Segment Start: GIVEN RECORDS
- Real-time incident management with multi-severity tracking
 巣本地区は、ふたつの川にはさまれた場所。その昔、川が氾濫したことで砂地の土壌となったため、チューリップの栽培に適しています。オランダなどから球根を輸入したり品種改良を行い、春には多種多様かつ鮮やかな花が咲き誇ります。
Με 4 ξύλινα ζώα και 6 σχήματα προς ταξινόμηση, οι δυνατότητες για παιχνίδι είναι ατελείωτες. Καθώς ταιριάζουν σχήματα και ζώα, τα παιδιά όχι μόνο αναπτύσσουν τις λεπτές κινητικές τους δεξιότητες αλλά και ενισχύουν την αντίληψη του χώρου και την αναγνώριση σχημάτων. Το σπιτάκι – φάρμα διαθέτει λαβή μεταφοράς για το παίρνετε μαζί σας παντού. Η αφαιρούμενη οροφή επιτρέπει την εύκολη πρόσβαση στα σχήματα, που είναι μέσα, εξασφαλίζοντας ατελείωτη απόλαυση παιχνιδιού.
Segment End: GIVEN RECORDS
Segment Start: GIVEN RECORDS
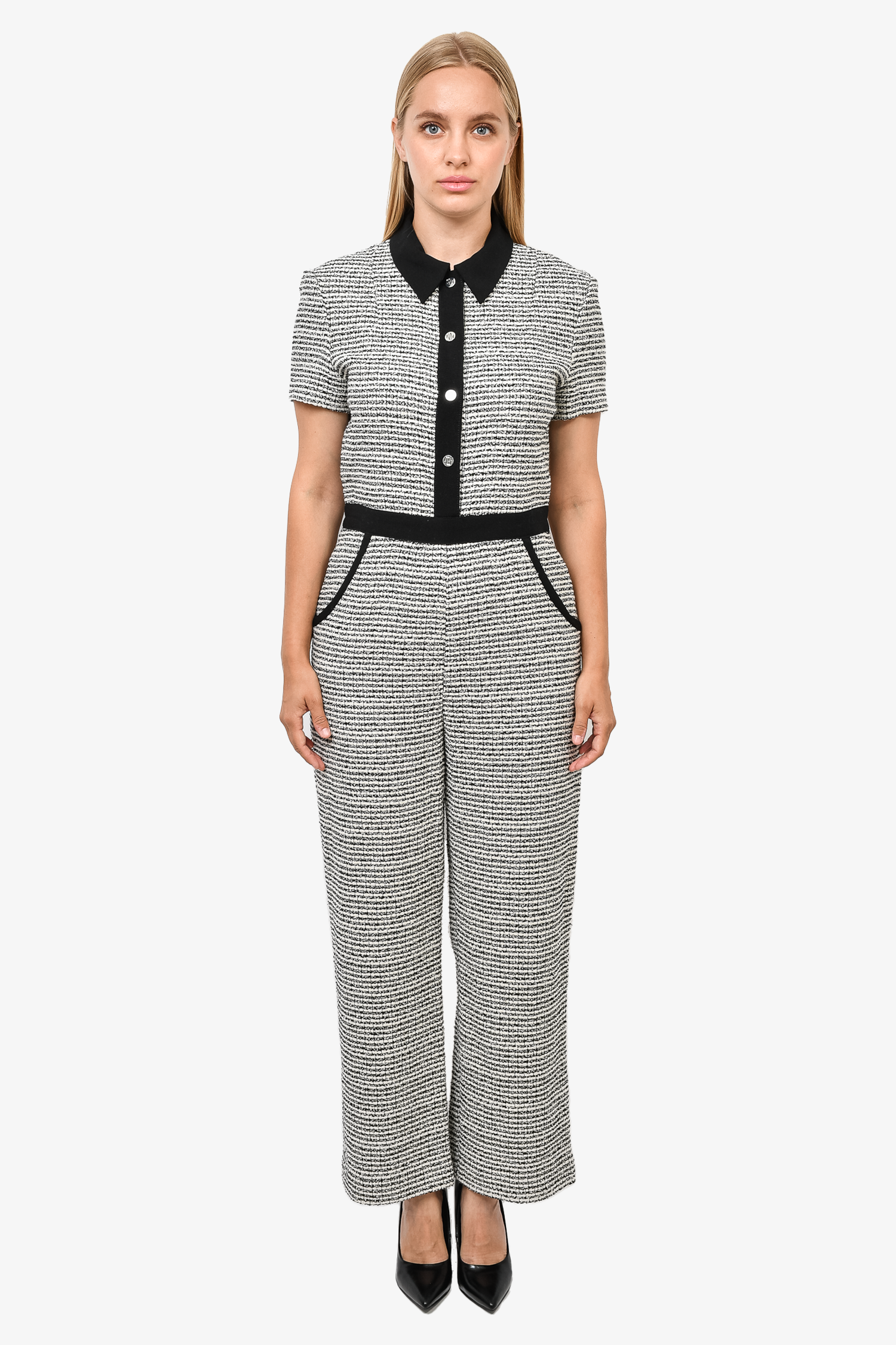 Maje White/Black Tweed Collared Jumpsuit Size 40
Segment End: GIVEN RECORDS
WHAT THE TASK REQUIRES
Using the entries above, give again exactly the lines from the line holding "巣本地区は、ふたつの川にはさ" through the line holding "Με 4 ξύλινα". Include both end lines and nothing else.

REPLY
 巣本地区は、ふたつの川にはさまれた場所。その昔、川が氾濫したことで砂地の土壌となったため、チューリップの栽培に適しています。オランダなどから球根を輸入したり品種改良を行い、春には多種多様かつ鮮やかな花が咲き誇ります。
Με 4 ξύλινα ζώα και 6 σχήματα προς ταξινόμηση, οι δυνατότητες για παιχνίδι είναι ατελείωτες. Καθώς ταιριάζουν σχήματα και ζώα, τα παιδιά όχι μόνο αναπτύσσουν τις λεπτές κινητικές τους δεξιότητες αλλά και ενισχύουν την αντίληψη του χώρου και την αναγνώριση σχημάτων. Το σπιτάκι – φάρμα διαθέτει λαβή μεταφοράς για το παίρνετε μαζί σας παντού. Η αφαιρούμενη οροφή επιτρέπει την εύκολη πρόσβαση στα σχήματα, που είναι μέσα, εξασφαλίζοντας ατελείωτη απόλαυση παιχνιδιού.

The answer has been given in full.